Les élections au Nicaragua du 6 novembre 2016

Extraits d’un article de Rebellion de Hedelberto Lopez Blanch

Plusieurs facteurs ont contribué à la réélection de Daniel Ortega du FSLN malgré la forte offensive de la droite en Amérique Latine contre les gouvernements progressistes de la région.

Mais la clé de la réussite a résidé sans doute dans les programmes sociaux des dernières années et dans le développement économique.

Après la défaite électorale en 1990, le pays a connu 16 années de gouvernements néolibéraux qui appliquèrent des politiques de privatisations imposées par le FMI et la Banque Mondiale lesquelles affectèrent gravement les programmes sociaux et la faible économie nicaraguayenne.

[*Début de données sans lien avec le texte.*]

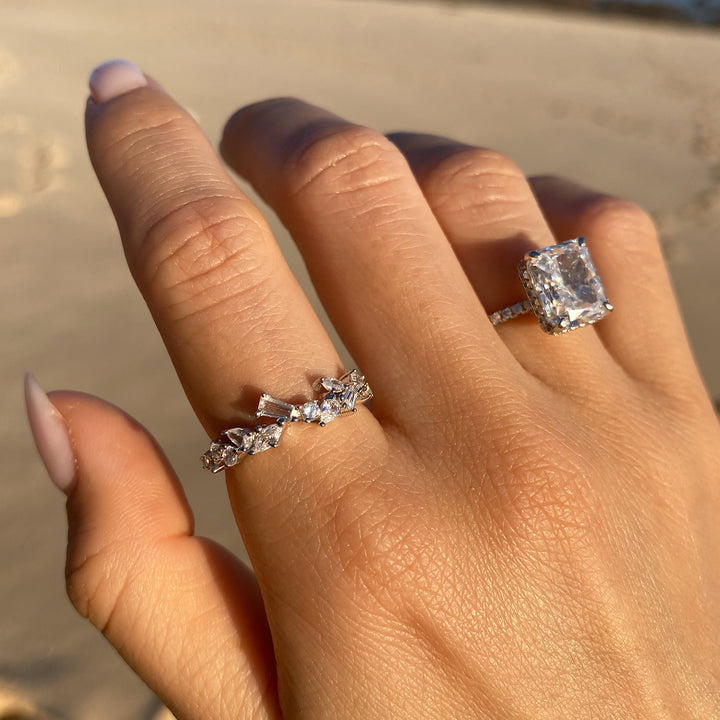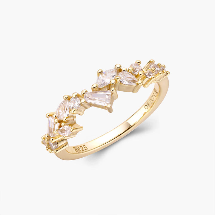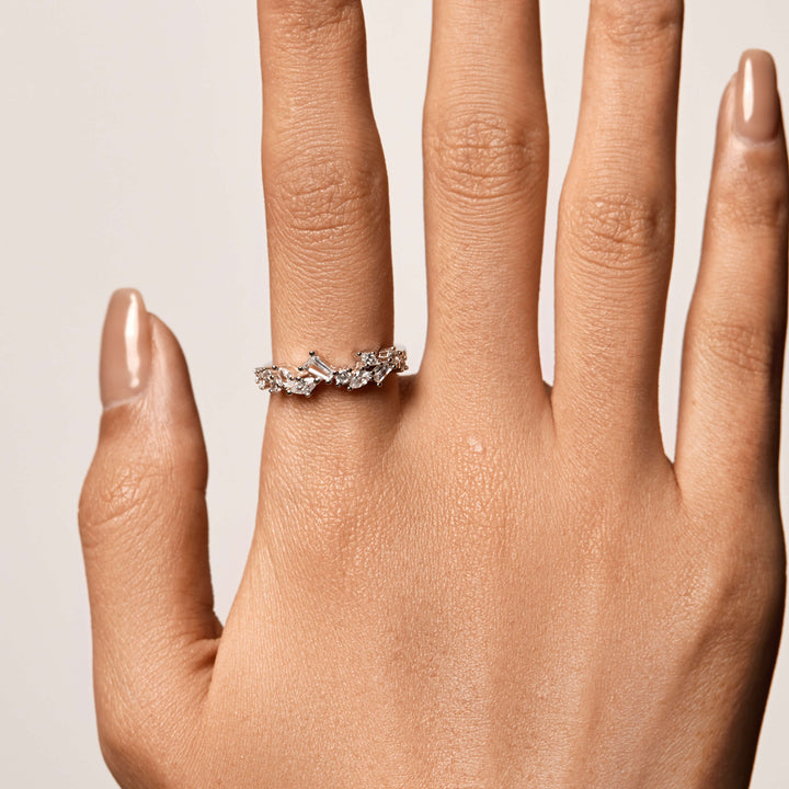 The Nyra Ring is a timeless classic, designed to be the perfect accessory for any occasion. This dainty multi-shape band creates a unified yet intricate look, crafted for a truly luxurious feel. Indulge in its simple charm and add a touch of sophistication to any ensemble.
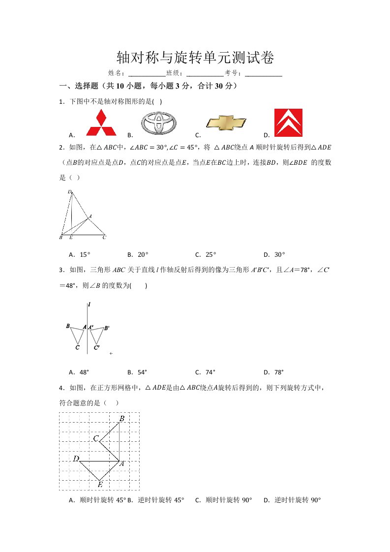 七下数学湘教 第5章 轴对称与旋转 单元测试卷(含答案)QXSXXJ-0077

Denis Darce Solis qui fut alors le directeur de la Commission permanente des Droits Humains définissait ainsi la situation :

« la pauvreté, nous la voyons tous les jours, avec les gens qui arrivent dans les hôpitaux avec de hauts niveaux de dénutrition ; quand nous voyons qu’un million d’enfants restent en dehors du système scolaire chaque année ou que des milliers d’enfants travaillent dans les rues et qu’il y a une croissante exploitation sexuelle de mineurs.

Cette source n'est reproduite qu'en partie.